WHAT TO PRODUCE - Below are entries; copy exactly the lines from the one with "El volcán comenzó" through the one with "Unfortunately, there are", both included, and leave out the rest.

RECORDS -
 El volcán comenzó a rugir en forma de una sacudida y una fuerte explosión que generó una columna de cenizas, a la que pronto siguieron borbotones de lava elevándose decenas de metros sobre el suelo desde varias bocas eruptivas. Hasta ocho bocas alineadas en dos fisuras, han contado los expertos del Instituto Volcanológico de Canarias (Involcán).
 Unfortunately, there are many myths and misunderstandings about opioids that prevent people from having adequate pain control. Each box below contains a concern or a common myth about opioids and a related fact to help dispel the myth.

--

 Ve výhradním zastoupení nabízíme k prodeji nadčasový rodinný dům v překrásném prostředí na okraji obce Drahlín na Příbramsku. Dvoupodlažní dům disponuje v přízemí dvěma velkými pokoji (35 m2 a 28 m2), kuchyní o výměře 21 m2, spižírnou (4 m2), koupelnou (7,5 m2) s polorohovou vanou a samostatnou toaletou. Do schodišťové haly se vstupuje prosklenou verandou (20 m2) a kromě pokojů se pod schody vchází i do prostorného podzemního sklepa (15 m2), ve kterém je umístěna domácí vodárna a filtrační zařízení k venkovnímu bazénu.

SOLVED PROBLEM -
 El volcán comenzó a rugir en forma de una sacudida y una fuerte explosión que generó una columna de cenizas, a la que pronto siguieron borbotones de lava elevándose decenas de metros sobre el suelo desde varias bocas eruptivas. Hasta ocho bocas alineadas en dos fisuras, han contado los expertos del Instituto Volcanológico de Canarias (Involcán).
 Unfortunately, there are many myths and misunderstandings about opioids that prevent people from having adequate pain control. Each box below contains a concern or a common myth about opioids and a related fact to help dispel the myth.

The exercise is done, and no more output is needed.